Tip: for the Mini, wheelchair attach the front harness to the wheelchair frame before putting it on your dog. This will make it much easier to get your dog into the wheelchair.
Step 2: Attaching the rear leg rings
Now that the harness is properly secured, it’s time to attach the leg rings to the wheelchair frame. The leg rings should form two C’s back to back and NOT V’s. This allows your pet to have the space they need for their back legs to move naturally.
The leg ring straps should go over the frame with the circular portion of the clip facing down. This allows the wheelchair frame to properly support a dog’s back legs.
Step 3: Getting your pet into the wheelchair
Roll the wheelchair frame behind your pet with the front extenders touching the ground. Your pet can be standing, sitting, or laying down, but it is usually easier if you can get them into a standing position.
With the Walkin’ Wheels behind them you will want to lift their back end into the leg rings. This can be done in one of two ways:
Lift the dog’s whole back end and place both legs through the leg rings at one.
Lift one rear leg at a time into the corresponding leg ring.
Step 3: Lift the side extenders and clip the harness into the wheelchair
Once you have secured your pet’s rear end into the wheelchair, via the leg rings or upgraded harness you will want to carefully bring up the side extenders so they are parallel to the ground. You will then clip the side extender bars through the D-Ring Clips on the front harness. Once this has been done your pet will successfully have been placed and secured into the Walkin Wheels Rear Wheelchair!

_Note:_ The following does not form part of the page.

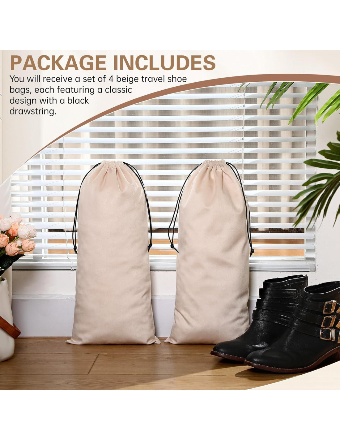 - Incluye paquete: recibirás un conjunto de 4 bolsas de zapatos de viaje beige, cada una con un diseño clásico y un cierre de cuerda negro; Elaboradas con precisión, estas bolsas son adecuadas para uso diario, reemplazos y compartir.
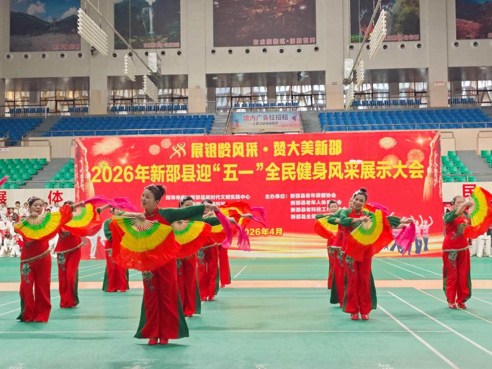 新邵新闻网4月26日讯(记者 石银子)为迎接“五一”国际劳动节,进一步推动全民健身事业深入发展,4月25日上午,2026年新邵县迎“五一”全民健身风采展示大会在新邵体育馆火热举行。来自全县21支群众文体团体的数百名中老年健身爱好者齐聚一堂,用热情与活力展现了新时代银龄群体的精神风貌。

Although this is often the easiest way to get your dog into their wheelchair, it’s not the only way. Find the way that’s easiest for you and most comfortable for your dog. It will take you a few tries before you and your pet are comfortable, but it gets easier. Give yourself time to get used to using the wheelchair and find out what works best for you both. Eventually, you will establish a pattern and it will only take a few seconds to get your best friend into their wheelchair.